Ajudan istana berlari sepanjang koridor menuju Ruang Takhta seperti beberapa bulan lalu ketika ia akan mengumumkan penduduk desa menemukan diadem juga pencurinya. Kali ini ia berlari dengan perasaan khawatir, karena ia memiliki firasat hari-hari yang sudah berjalan sangat baik semenjak diadem yang hilang kembali ke istana akan dihantui awan kelabu sekali lagi.
Ia tidak tahu apa yang sedang terjadi pada kerajaan itu, sepertinya mereka telah dikutuk dan tidak diizinkan untuk berbahagia. Pagi-pagi ia telah dibangunkan oleh Garde gerbang istana yang mengumumkan bahwa seorang pengembara datang ingin bertemu dengan Puan Ratu dan Tuan Raja.
Ketika ia telah sampai di depan pintu Ruang Takhta dengan ukiran rumit terbuat dari sepuhan emas, ia mengumumkan kedatangannya sendiri tanpa menyuruh Garde. Pintu terbuka dan Ajudan itu segera berlutut di hadapan Puan Ratu dan Tuan Raja yang sedang membaca permohonan-permohonan penduduk desa yang biasanya sudah ditulis ulang dan disusun dengan rapi.

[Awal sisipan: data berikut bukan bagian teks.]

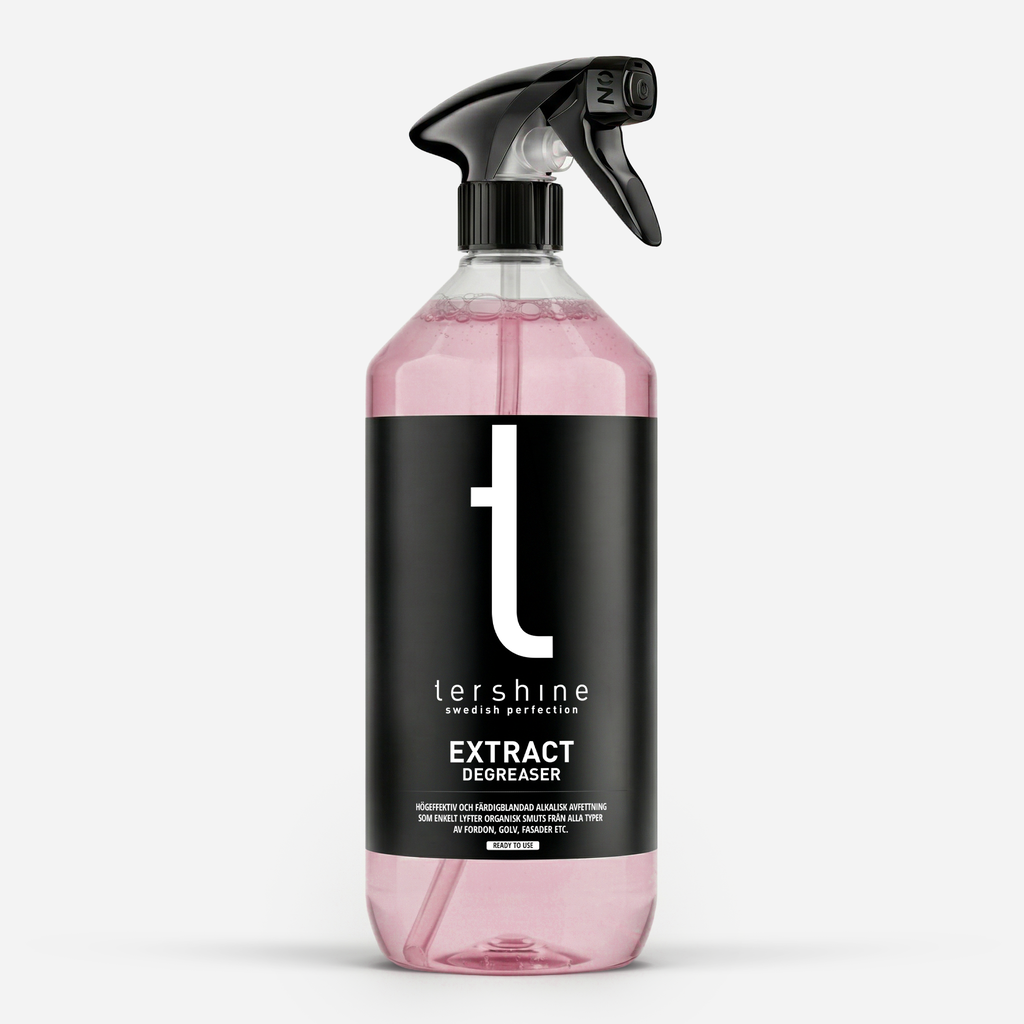 Extract - Ready To Use är en högeffektiv alkalisk avfettning lämplig för alla typer av fordon, golv, fasader etc. Lyfter organisk smuts och doftar härligt av citrus. Färdigblandad 10% i vatten och 1 liter kan således bli två om man blandar ner den till 5%. Fungerar även utmärkt för grövre smuts på golvmattor etc.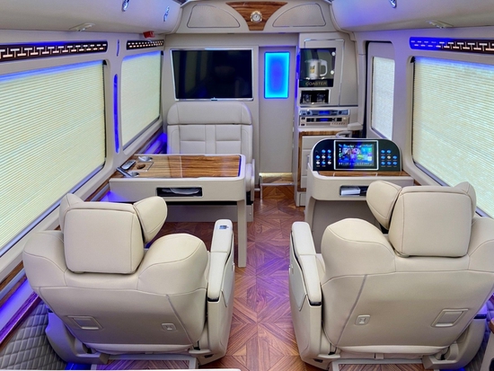 丰田考斯特7座改装商务车内饰的独特还体现在内饰窗帘以及地毯的改装上,豪华的游艇木地板在配上铝合金通道压条,美观大气而又十分的时尚。而这样的游艇木地板均采用上好的柚木,没有任何加工的气味。而内饰的百褶窗帘也为丰田考斯特7座旅居版在内饰的设计上增加了不少的色彩。丰田考斯特改装商务车在内饰的设计上有很多种改装的方案,无论您需要什么样的车型,接待的或者是旅行的或者是商务活动的,北京车林绿地丰田考斯特改装中心都可根据你的需要完成个性化的私人订制。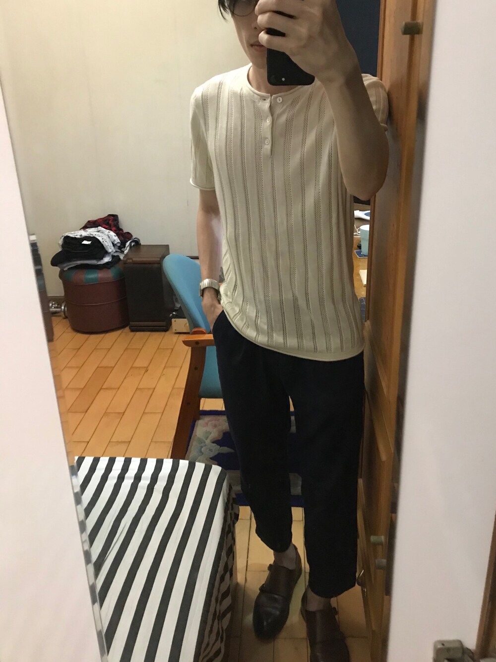 米白色间条透视tee x 深蓝色有闸休闲西装 x 棕色莫克鞋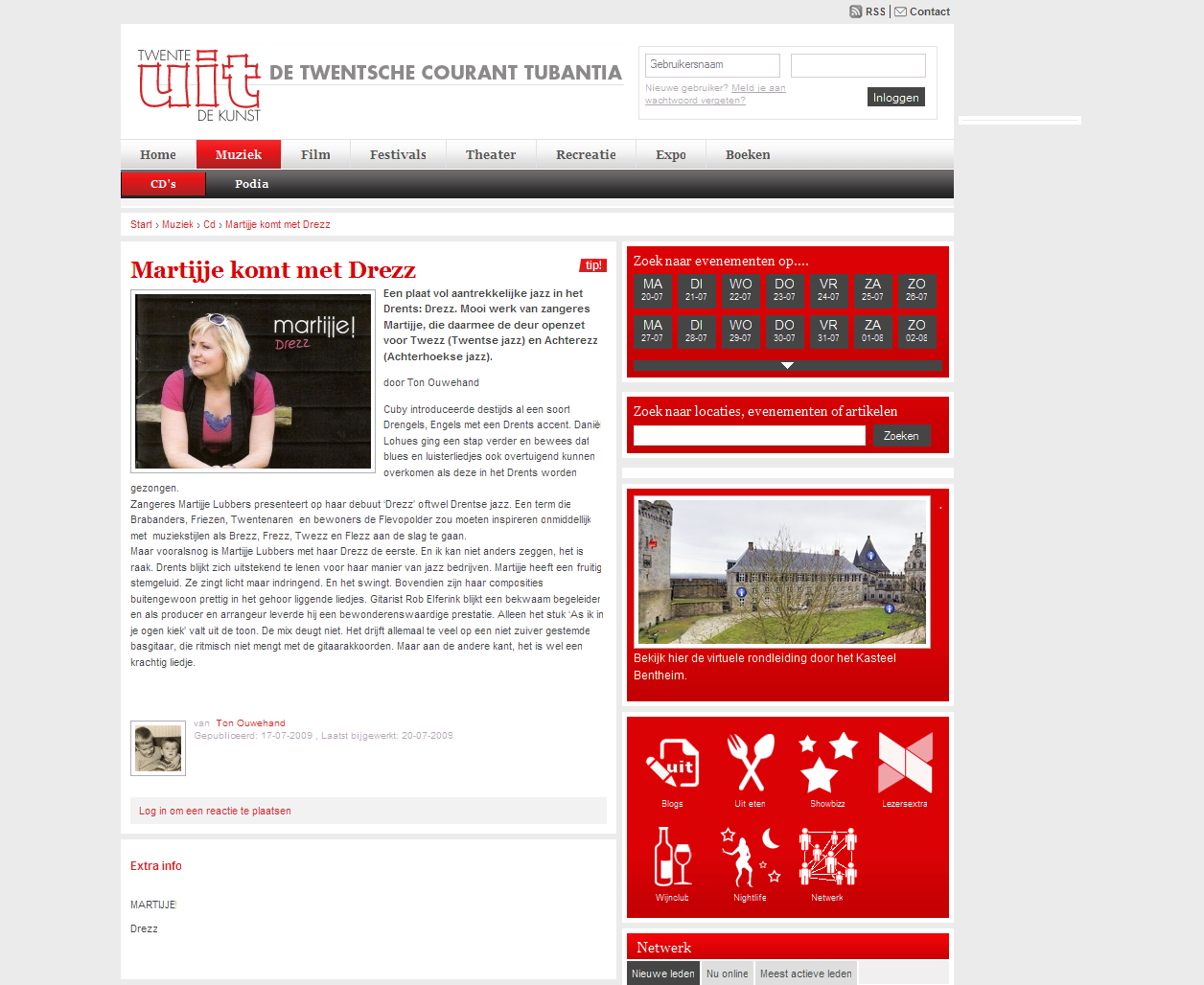 - Martijje komt met Drezz - Ton Ouwehand, De Twentsche Courant (Twenteuitdekunst.nl) - 17 jul 2009

“Maaf Yang Mulia, sahaya tidak bisa menunggu lagi,” ucap Ajudan itu tanpa menunggu salah satu dari Tuannya menyuruhnya bicara. “Seseorang datang dan ingin bertemu dengan Puan Ratu dan Tuan Raja.”
“Kami sibuk.” Puan Ratu menanggapi Ajudan itu dengan ketus dan sedikit jengkel dan Tuan Raja hanya melirik Puan Ratu dengan lirikan singkat dari sudut matanya.
“Maaf Yang Mulia Ratu, dia mengatakan telah menemukan diadem Puan Ratu yang asli.”
Keheningan menyelimuti ruangan. Puan Ratu dan Tuan Raja mengangkat wajahnya dari kertas-kertas mereka dan memandang Ajudan itu dengan tatapan heran.
“Katakan padanya, dia sudah terlambat beberapa bulan yang lalu.” Puan Ratu mendengus kesal.
“Tetapi pengembara itu memaksa, Yang Mulia. Dia mengatakan dia bisa membuktikan bahwa miliknya adalah asli.”
“Dan kau percaya?” Puan Ratu mengangkat alisnya.
“Sahaya melihat diademnya, Yang Mulia. Dan surat dari seorang ahli perhiasan yang menyatakan bahwa diadem itu terbuat dari emas dan berlian asli.” Ajudan itu menunduk lebih dalam, takut melihat tatapan langsung Puan Ratu.
Raja melirik Puan Ratu, gelisah tergambar jelas di wajahnya. Ia tidak tahu apa lagi yang akan dilakukan istrinya pada orang-orang itu. Dirinya adalah korbannya yang pertama (yang diketahuinya) dan wanita yang dituduh pencuri itu yang kedua. Ia takut akan ada korban ketiga dan seterusnya jika kegilaan diadem ini tidak dihentikan.
“Suruh saja dia pergi, beri sedikit makanan atau uang untuk bekalnya pulang atau kembali mengembara, terserah.” Tuan Raja segera memberi perintah sebelum Puan Ratu sempat berpikir lebih jauh. Mereka sudah hidup tenang selama beberapa bulan, jangan sampai ketenangan itu kembali diusik.
“Tidak. Biarkan dia masuk.” Puan Ratu memutuskan.
“Kita tidak perlu mengurusi hal remeh seperti itu, Ratuku,” ujar Raja pada istrinya. “Kalau memang dia berbohong, memang apa yang bisa dilakukan? Semua orang menginginkan hadiah imbalan itu, dan mungkin ini hanya salah satu usahanya agar mendapatkan imbalannya.”
“Kirim saja ke penjara jika ia berbohong. Mudah bukan?” Puan Ratu mendengus dan kembali mengambil tumpukan catatannya dari meja di sebelah singgasananya, menandakan keputusannyalah yang harus dituruti.
“Baik, Yang Mulia.”
“Jangan lupa, panggil juga Tuan Woodenfield kemari untuk membuktikan omongan si pengembara gembel ini,” ujar Puan Ratu dengan tenang seakan ia baru saja memerintah Ajudan untuk mengecat kukunya dengan warna merah muda cerah.